A livello regionale (ma anche globale), le sempre più frequenti crisi alimentari, dovute a fattori climatici ma anche a evidenti fallimenti di governance, sono oggi più che mai fonte di instabilità socio-politica: la dipendenza dalle importazioni di derrate alimentari, soprattutto cereali, e la crescente volatilità dei prezzi in questo settore sono certamente da ascrivere tra le cause che hanno contribuito a scatenare la cosiddetta ‘Primavera araba’.

Urbanizzazione crescente
Un aspetto fino ad oggi poco discusso riguarda le implicazioni, in termini di sicurezza alimentare, della tendenza ormai osservabile a livello mondiale verso la crescita delle città in termini geografici e demografici.

Secondo i dati forniti dalle Nazioni Unite, ben il 66% della popolazione mondiale vive oggi in aree urbane - un dato ancor più rilevante se si pensa che, soltanto negli anni ‘50 del secolo scorso, le proporzioni della popolazione rurale e urbana erano invertite.

Si pone dunque il problema di come garantire la sicurezza alimentare in città che crescono velocemente e spesso in assenza di politiche in grado di assicurarne lo sviluppo in maniera armonica ed inclusiva.

L’intero bacino del Mediterraneo è oggi caratterizzato, come molte altre aree del mondo, da un rapido processo di urbanizzazione. Tuttavia, si osservano delle divergenze notevoli tra la sponda nord e quella sud del Mediterraneo in materia di governance locale della sicurezza alimentare.

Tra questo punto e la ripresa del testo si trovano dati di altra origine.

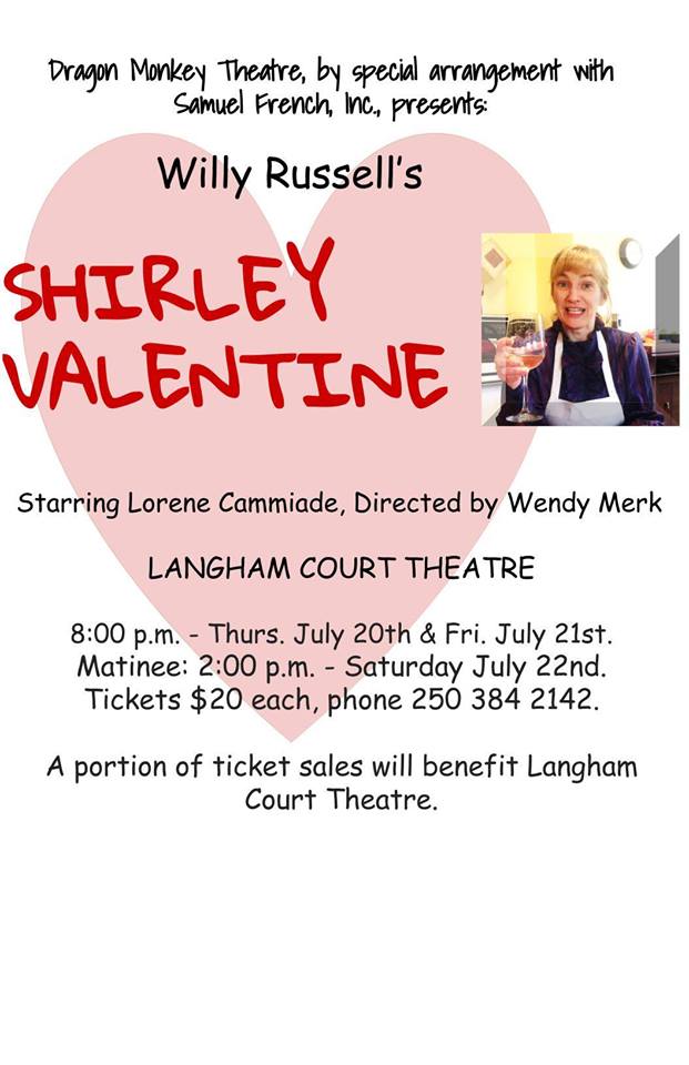 Dragon Monkey Theatre, by special arrangement with Samuel French, Inc., presents:Willy Russell's timeless comedy SHIRLEY VALENTINE, Starring Lorene Cammiade, Directed by Wendy Merk.

A fronte di una maggiore vulnerabilità in tale ambito, nei Paesi del Mediterraneo meridionale il contributo delle autorità locali alla formulazione e implementazione di policy politiche a favore della sicurezza alimentare a livello urbano - il cosiddetto approccio territoriale - è molto limitato, in virtù di una lunga e diffusa tradizione di accentramento amministrativo.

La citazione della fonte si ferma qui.